舞城王太郎らしさを出すためにしていること
――原案の舞城さんからは、どんな形でプロットが届くのですか?
奥西:テキストで来ます。小説をちょっと簡単にしたような文面がコピー用紙1〜2枚くらいで届くので、それをもとにこちらでネームにして、コマを割るという流れでやっています。
――言わば、原案の方が書いた物語を託されるわけですが、そう言う場合どんなことを大切にされますか?
**奥西:お話のポイントとなる部分が毎回必ずあるので、それを外さないようにしています。それをどう表現するかは、ページ数の関係や食べ物の見せ方によって変わりますけれどね。
例えば……喫茶店に行く回(第32夜「喫茶店」)で表現したいところは“昭和のレトロな雰囲気”だったので、この回に登場する瓶ビールやサンドイッチにはレトロな趣きを出しました。
なので、店に入る前、朔良が歩いている商店街自体もちょっとレトロな雰囲気に仕上げました。
――確かに、軒を連ねるお店はどれも少し古めかしくて、朔良も雰囲気を楽しんでいましたよね。

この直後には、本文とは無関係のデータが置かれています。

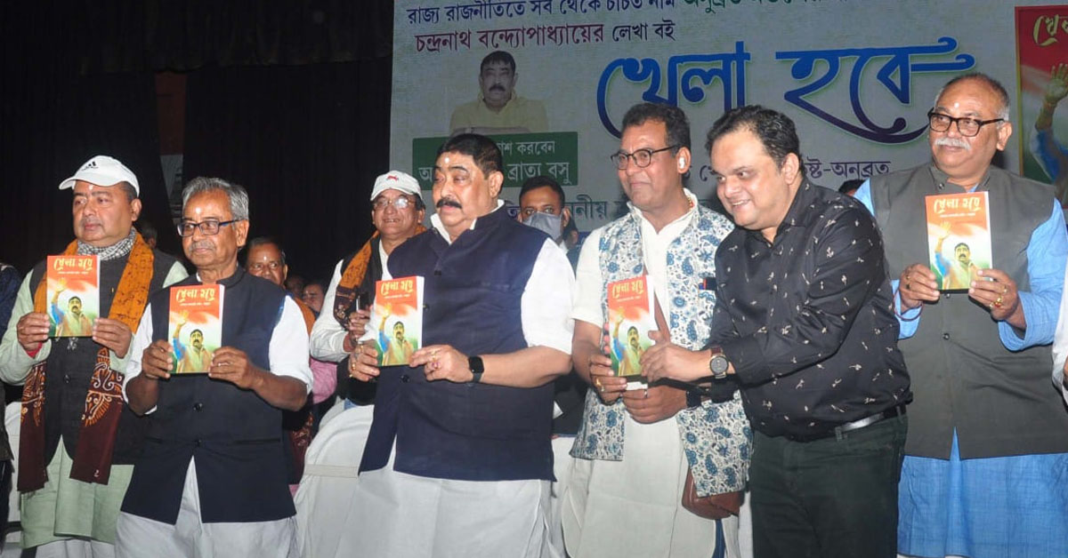 সংবাদদাতা, বোলপুর : বর্ণময় চরিত্র অনুব্রতর (Anubrata Mondal) স্লোগান ‘খেলা হবে’ (Khela Hobe) তাঁর জীবনীমূলক বইয়ের নামকরণ। বইয়ের প্রাক্কথন লিখেছেন শিক্ষামন্ত্রী ব্রাত্য বসু (Education Minister Bratya Basu)। বোলপুর (Bolpur) গীতাঞ্জলি প্রেক্ষাগৃহে আনুষ্ঠানিকভাবে সেই বইয়ের উদ্বোধন করেন শিক্ষা মন্ত্রী ব্রাত্য বসু। ছিলেন জেলা সভাপতি অনুব্রত মণ্ডল, বিধানসভার ডেপুটি স্পিকার আশিস বন্দ্যোপাধ্যায়, মন্ত্রী চন্দ্রনাথ সিংহ প্রমুখ। বই প্রসঙ্গে ব্রাত্য বসু বলেন, অনুব্রত মণ্ডল কথার মালা গাঁথতে জানেন। তিনি জানেন কোন কথা উঠে আসতে পারে একেবারে খবরের শিরোনামে। এই কারণেই অনুব্রতর গুড় বাতাসা, ঢাকের চড়াম চড়ামের মতো সাধারণ কথাও তাঁর ভঙ্গিতে ঈঙ্গিতপূর্ণ হয়ে উঠেছে।’ এই বইটিতে অনুব্রতর রাজনৈতিক উত্থানের কাহিনি রয়েছে। কীভাবে বামেদের অত্যাচারে নানুনের মানুষের পাশে দাঁড়িয়েছেন, বাড়িছাড়া কর্মীদের জায়গা দিয়েছেন নিজের বাড়িতে তা সবই উল্লেখ রয়েছে। বই প্রকাশের পর সংবাদমাধ্যমের মুখোমুখি হয়ে শিক্ষামন্ত্রী বলেন, ‘এই বইটি (Khela Hobe) আগামী দিনে বীরভূমের রাজনীতির ইতিহাস হিসাবে বেছে নেবেন পাঠকরা।’

それが前フリだったと。
奥西:そうですね。そしてその次の回(第33夜「土用の丑の日」)ではうなぎを取り上げているのですが、土用の丑の日という文化や風習も感じてもらいたくて、雑学も入れ込んでいます。うなぎそのものの美味しさはもちろんですけれど。
――土用の丑の日だという雰囲気や知識が、うなぎをより美味しくみせることってありますよね。ただ、それを8ページで表現するのって難しそうです。
奥西:いえ、もともといただくプロットがすごくまとまっているので、ネームにする作業はそこまで難しくありません。どこに盛り上がりを置くかというのも、読めば一目瞭然ですしとても助かっています。舞城先生、さすがだなと。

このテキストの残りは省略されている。